I'm sorry, but that image is funny as sh*t!


----------



## snowjeeper (Nov 11, 2008)

it probably was pretty funny looking. still hurts like fuck tho, i don't think i cracked any ribs, but those are some of the few bones i haven't broken yet, so i'm not sure how much it's supposed to hurt.


----------



## Toecutter (Oct 11, 2009)

snowjeeper said:


> it probably was pretty funny looking. still hurts like fuck tho, i don't think i cracked any ribs, but those are some of the few bones i haven't broken yet, so i'm not sure how much it's supposed to hurt.


I'm sure the crash wasn't fun to watch, but the image of hearing ascending musical notes as with a xylophone across your ribs is cracking me up. Maybe you can work on playing a few notes from Mary Had A Little Lamb next crash...


----------



## Toecutter (Oct 11, 2009)

BurtonX8 said:


> Cracks me up, for some reason I'm thinking homer simpson tumbling down a mountain


Ha ha ha! I probably look like Homer during a tumble! "Oof...oww...ohh...d'oh...hey look, a ham sandwich!"


----------



## G2309 (Oct 22, 2009)

If you can fall then get back up withput stopping that always looks good, especially if you go over the nose of the board. Just don't do it when in a crowded spot.

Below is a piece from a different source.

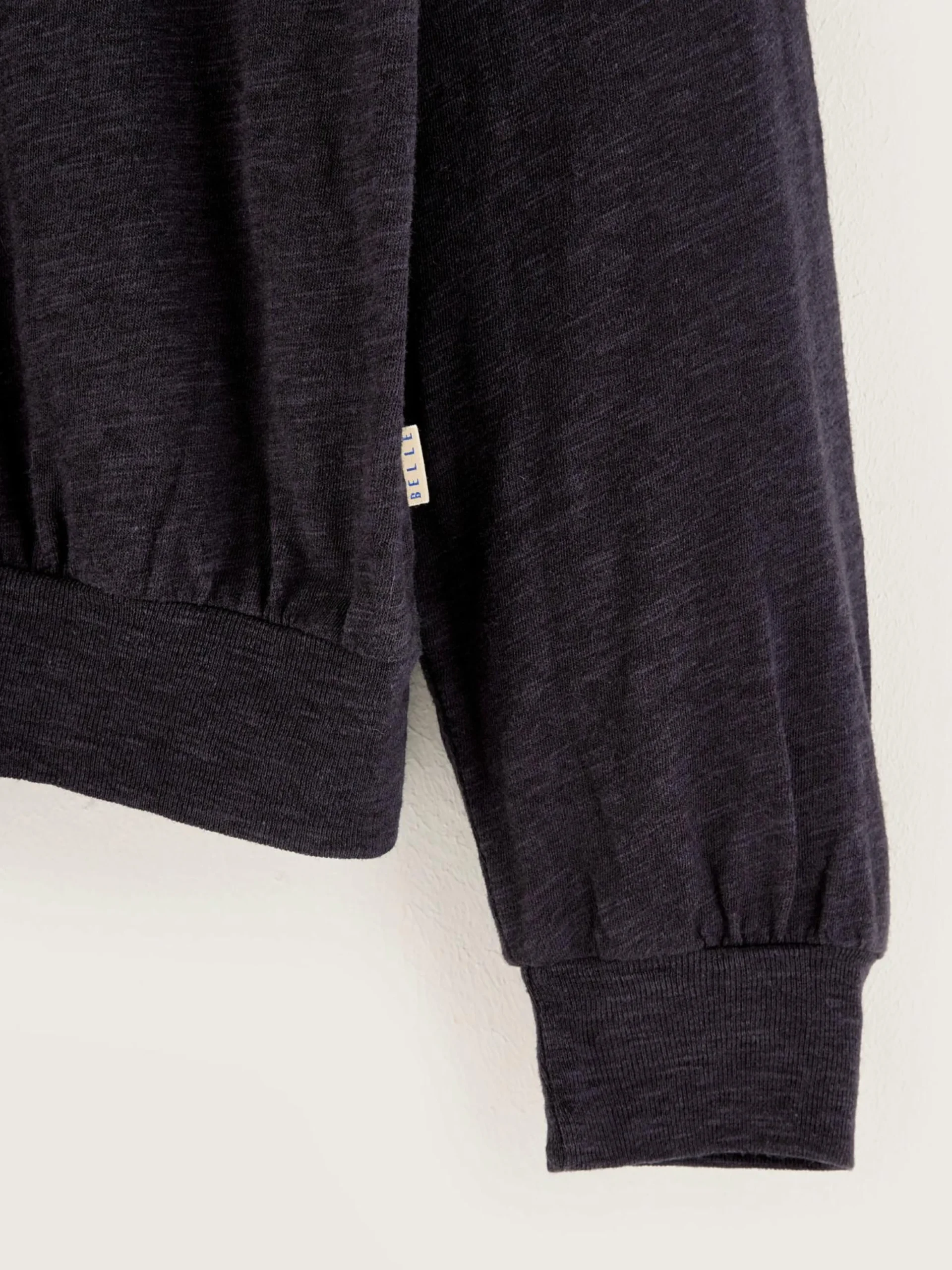 Marineblauw, comfortabel T-shirt met lange mouwen en een rolkraag.

Don't try to stop too soon unless your about to hit something. Just hit the ground and glide a bit rather than forcing a stop with the arms. It will lessen the impact on your body.


----------



## Frozen208 (Dec 27, 2008)

Don't know how accurate it is, so correct me if I am wrong. I have heard when falling that you should loosely ball your hands to keep from putting your palms out helping to avoid hurting your wrists some.


----------



## binarypie (Nov 29, 2009)

Frozen208 said:


> Don't know how accurate it is, so correct me if I am wrong. I have heard when falling that you should loosely ball your hands to keep from putting your palms out helping to avoid hurting your wrists some.

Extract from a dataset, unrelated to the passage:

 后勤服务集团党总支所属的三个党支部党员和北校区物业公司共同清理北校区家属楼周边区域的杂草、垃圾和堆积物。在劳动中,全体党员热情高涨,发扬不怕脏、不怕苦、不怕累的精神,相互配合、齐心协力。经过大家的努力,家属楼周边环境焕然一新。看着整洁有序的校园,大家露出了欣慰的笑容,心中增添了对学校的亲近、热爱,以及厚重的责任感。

Sounds like a good mental trick.


----------



## Guest (Jan 3, 2010)

Not on your face! :thumbsup:


----------



## stillz (Jan 5, 2010)

I'm convinced that learning break falls for jiu-jitsu way back in the day got me through my first day of snowboarding unscathed. I had some epic fails that day, and drew much concern and laughter from the chairlifts.


----------



## bostonboarder (Nov 25, 2008)

clenching your fists as you fall or just like that the whole time is great for a beginer that way if you fall there will be less force put into the bend of your wrist i know how you injured guys feel I broke my upper arm last year on a metal bar near a jump slammed into it good so watch for them too


----------